Review of Push

Push (2009)
6/10
Great until the last 5 minutes
17 February 2010
Warning: Spoilers
There are a lot of things you need to know about this movie. One is that very little of the plot makes any sense. Seriously, you really mustn't try to follow what's going on, or work out who's on which side, or who in the hell that English woman is supposed to be. If you start trying to apply concepts like 'logic' and 'causation' to this movie, your brains will start to dribble out of your ears in a terribly messy way. It's better to just sit back and enjoy the ride.

And what a ride it is. The movie is set in Hong Kong, which has never looked more weird or more wonderful. Every shot drips with atmosphere, every individual scene is memorable. And as for the action scenes... well, these are some of the best fight scenes I can recall in a recent movie. All the characters have some kind of super power, and just for once they get to use them in imaginative ways - guns that really can shoot round corners, guys being dragged along the ceiling, and much more.

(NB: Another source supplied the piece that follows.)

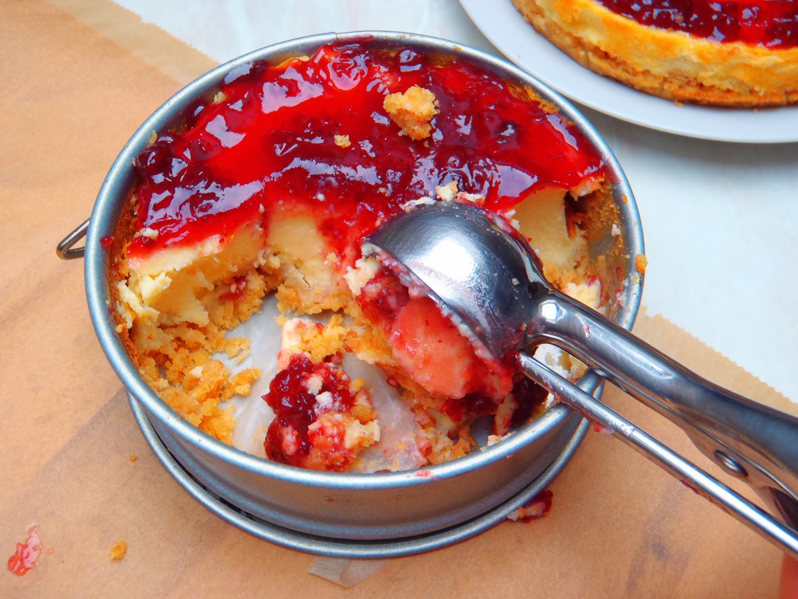 Dejamos templar y la esparcimos sobre nuestra tarta de queso ya fría.

Mind you, the strength and the type of super power varies more or less according to what the plot says it should do, but that's another of those things you shouldn't worry too much about. The ride is fun, and it works better if you check your common sense in at the door. And try not to notice that most of these people can't act for toffee. Chris Evans is OK but instantly forgettable, as usual, and Dakota Fanning is all right, but everyone else is pretty poor. Again, it doesn't really get in the way of the fun.

What does, though, is the ending. I won't say too much about what happens because.. well, nothing much happens. This isn't your ambiguous ending, as in The Good, The Bad And The Ugly or the original Italian Job. This is an ending where literally NOTHING of any importance is resolved. The big bad is still around, Dakota's mum still hasn't been rescued - despite us being told that if she wasn't saved right now, she would die - the main Chinese baddies and that English woman are still knocking about somewhere, and it's not so much an ending that is sequel-friendly as one that needs a sequel to give even a little sense of satisfaction or closure. Any movie, even if it's definitely going to have a sequel, needs some kind of closure at the end, but this has none, and that's deeply frustrating. It also leaves the nasty taste of studio meddling in the mouth, of a bunch of men in suits who decided that everything had to be left open for the next, highly profitable episode. It's a shame that such an unusual, individual movie should end in such a cynical way.